The pause in flights forced slaughterhouses and cold storage facilities to hold unsent consignments, while the resumption of cargo operations has come at sharply higher costs.
Exporters say the first flight to carry meat since Saturday, February 28, 2026 departed on Wednesday,March 4, 2026 but transporting goods now involves much steeper charges.
According to the Kenya Meat Livestock Exporters Industry Council, the interruption left businesses struggling to manage inventory and plan production.
“Any meat that we slaughtered on Friday and Saturday has not left the country and we have not been able to slaughter meat from Monday to date,” said Nicholus Ngahu, chief executive of the council.
The council says operations were stalled for almost a week, creating pressure on refrigerated storage and delaying normal business processes.
Kenya’s exports of meat to the Middle East typically rise sharply during Ramadan, when demand for fresh products increases across the region, making the timing of the disruption particularly challenging.
Even as flights have resumed, exporters warn that the higher costs of cargo transport could squeeze profit margins and complicate recovery.
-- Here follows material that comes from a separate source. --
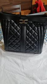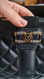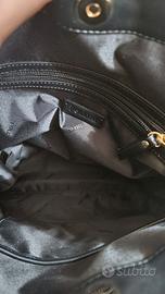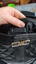 Borsa Pollini a spalla nera con tracolla in metallo dorato.
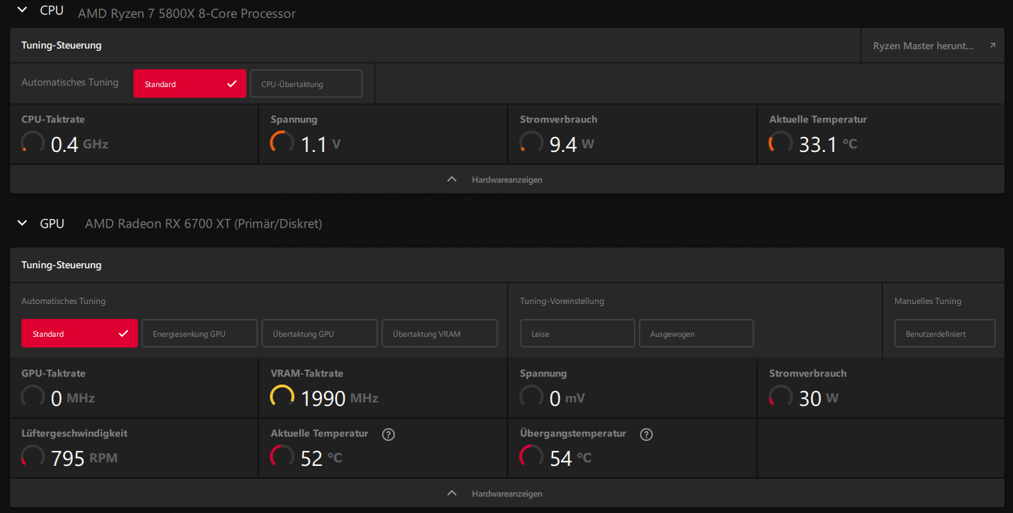 Beim surfen im Internet (Edge) ruckelt der Mauszeiger immer mal wieder und beim spielen (TheHunter: COTW) habe ich Ruckler zwischen 10 und 50 FPS bei 144HZ in 1080P auf Hoch- und Ultrasettings.

The impact is not limited to meat alone; the International Monetary Fund has cautioned that rising tensions in the Middle East could affect Kenya’s export sectors more broadly.
An IMF mission to Kenya highlighted that the conflict may disrupt global shipping routes and raise freight charges. Analysts point to risks linked to the Strait of Hormuz, a key trade and oil corridor connecting the Persian Gulf to global markets.
Iran’s widening confrontations with regional rivals have included threats to disrupt passage through the strait.
Even without a full closure, any rise in shipping insurance premiums or freight costs could increase expenses for exporters. Tea producers are also vulnerable, as Iran has historically been one of Kenya’s largest buyers.
Exports to Tehran fell sharply after the country suspended imports in 2024 due to claims over misrepresented tea shipments and foreign currency issues.
For meat exporters, the immediate priority is clearing the backlog caused by the halted flights. While the resumption of cargo operations provides some relief, higher transport costs and the lost export days are expected to have lasting financial effects.
As Ramadan demand continues, exporters are now working to normalize schedules and manage the consequences of the disruption.